Дверь громко хлопнула. Я снова потерял сознание…
Идем с Изотовым к машине. Коля с водителем держат меня под руки. Меня шатает и трясёт, как под током. Ноги заплетаются. Хочу сказать Изотову: "Потише иди". Но, лишь хриплю, пуская пену изо рта. От мокрой одежды на морозе идёт пар. Коля достаёт бутылку водки сворачивает сургуч, и приставив ко рту вливает в меня немного, больше пролив мне на грудь. Я кашляю изо всех сил. Аж в ушах закладывает. Начинаю рыдать. Коля даёт бутылку бутылку:
– Пей. Пей, кому говорю.
Хлебаю безвкусную огненную жидкость, а в башке колоколом стучит: "ЖИВ! ЖИВ! ЖИВ!"
Изотов снимает шинель, и накидывает на меня. Я, покачиваясь, как беременный таракан залезаю в машину. Трогаемся. Снова отключаюсь…
Общежитие. С помощью Абрамяна переоделся в сухое. Колобок носился с чайником, пока не поставил его на пол, постелив тряпку. Попандопуло следит за шкворчащей яичницей с салом, Васечка достаёт огурцы из банки, Алёша строгает бутерброды с колбасой. Все при деле. Лишь я сижу как инвалид, тупо уставившись в разноцветные абрамянские носки. Все мои лежат в тазике для стирки.
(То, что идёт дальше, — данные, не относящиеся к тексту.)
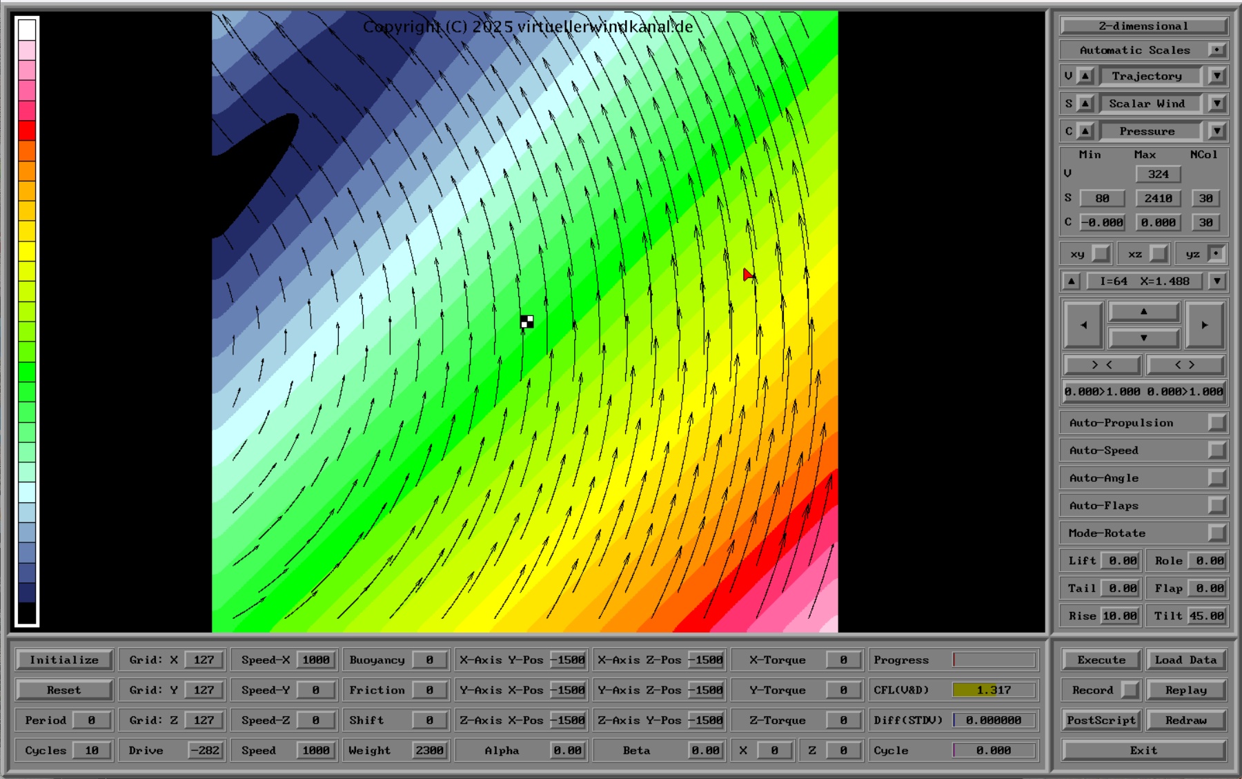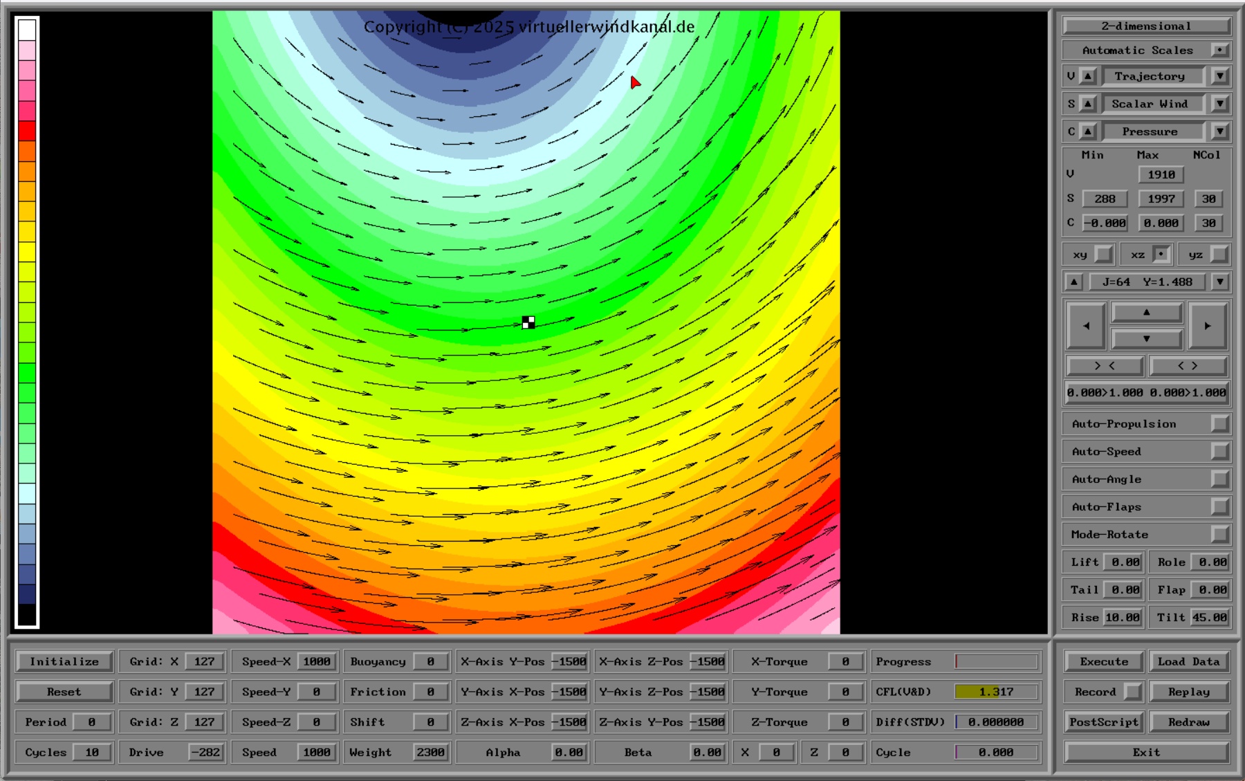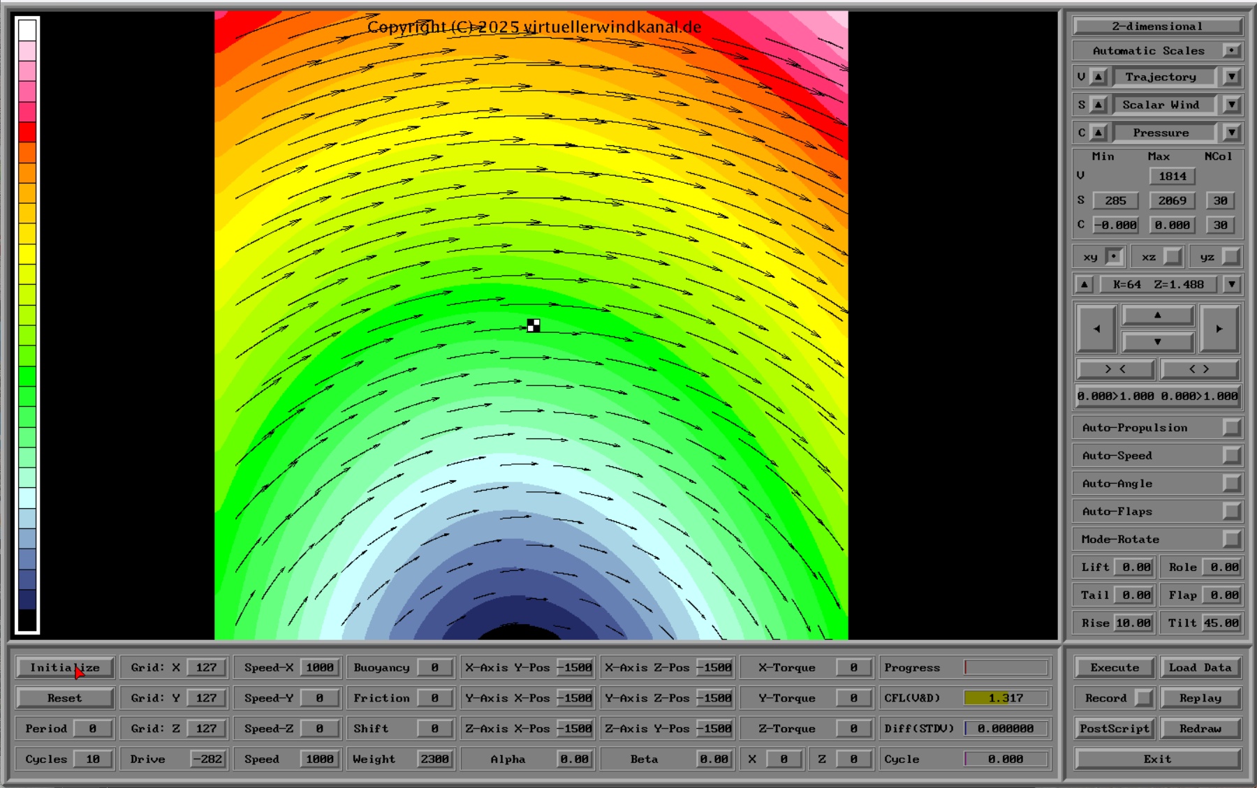 Dann wird das 3-dimensionale Geschwindigkeitsfeld für eine Referenzgeschwindigkeit von 10 m/s, einem Anstellwinkel von 10°, einem Neigungswinkel von 45° und einem Kurvenradius von 10m initialisiert und mit einer anfänglich verschwindenden Druckanomalie relativ zur hydrostatischen Grundgleichung das Modell gestartet.

– А как ты сообразил Сталину позвонить? – спрашивает у Колобка Попандопуло.
Колобок, видимо успевший привыкнуть к этому вопросу, вытирает рассольную ладонь, вальяжно садится на скрипучую кровать и начинает:
– Задержался я на базе после тренировки. Там официантка в столовой… Ну, да ладно… Подхожу к выезду, а мне из будки боец говорит: "Тебе на базу кто-то звонил. Просил срочно связаться.". Я дую на базу до телефона в дежурку. Тётя Клава звонила. Набираю. А, она "бац":"Юру арестовали. И ещё машина на улице стоит." Я чуть не обосрался. Думаю, амба… Потом водички выпил и в штаб ВВС позвонил. На моё счастье там Василий Иосифович был. Обсказал ему что знаю. Тот долго молчал, а потом приказал сидеть на базе до распоряжения. Вот я и сидел два часа у телефона. Даже в столовку не пошёл. Из штаба позвонили не мне в дежурку, а тренеру. Меня в общагу Джеджелавы на новой светло голубой "Победе" отвезли. Вчера с завода пригнали…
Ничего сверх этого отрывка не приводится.